Человек из похоронного бюро – южанин, в чертах его лица читается покорное смирение, рожденное мудростью, которой он набрался, постоянно созерцая покойников. Он очень любезен. Меня поражает его прическа: плотные, седые волосы. Глаза – две узенькие щелочки, окруженные морщинами, которые рождают в тебе чувство уюта. Этот человек знает, как себя вести. Отец лежит под покрывалом из одноразовой бумажной ткани, которую оставили работники «Скорой помощи». Из-за поднятой руки он словно в индейском вигваме. Жуть. Мне не хочется поднимать эту ткань.
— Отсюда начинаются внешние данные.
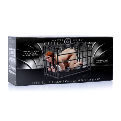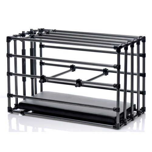 Immobilize your sub in your favorite position! The kennel is an adjustable cage with a padded board and optional positioning bars. Lock up your plaything within the coated metal enclosure and get creative! Trap their head between the front entrance bars with silicone padding so that they are perfectly positioned for force feeding. Leave in the comfortably padded leather-like board for extended role play sessions or remove it to punish a naughty pet. Positioning bars allow you to prop up their booty, feet, or chin, but you can also use them to keep their head, shoulders, and waist pushed down. Achieve the exact look that gets your blood pumping hardest! Attach their restraints, not included, to keep them in their place. This versatile cage makes an excellent addition to your dungeon or bedroom, creating a striking image as soon as your partner lays eyes on it. Assembly instructions are included.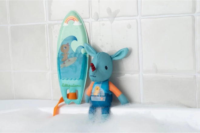 Сърф дъската с мотиви на вълни и дъга носи атмосферата на плажните преживявания директно във вашата баня.

Я устраиваюсь в гостиной, напротив отцовской спальни, в моей бывшей детской. Сажусь за стол, где я готовил уроки, вместе с работником похоронного бюро, который тем временем уже умудрился найти свободную медсестру. Она должна привести в порядок тело отца, опустить гранитную синюшную руку со сжатым кулаком, указывающим вверх.

О папа, милый папа.

Человек из похоронного бюро говорит, что нужно вызвать врача для официальной констатации смерти, иначе они не смогут увести тело в морг, и оно будет лежать в квартире до приезда врача. В таком случае, мне будет лучше открыть окна, ведь ясно, что с телом останусь именно я.

Ночь. Целая ночь наедине с трупом. С трупом моего отца.

Я вдруг вспоминаю о том немецком инженере, что целую ночь провел закрытым в египетской пирамиде, один, готовя самоходного робота к исследованию тоннеля. Он думал, что там, за стеной, находится потайная комната, но там ничего не оказалось. Целую ночь. Немец. В священной гробнице, в космическом корабле Фараонов.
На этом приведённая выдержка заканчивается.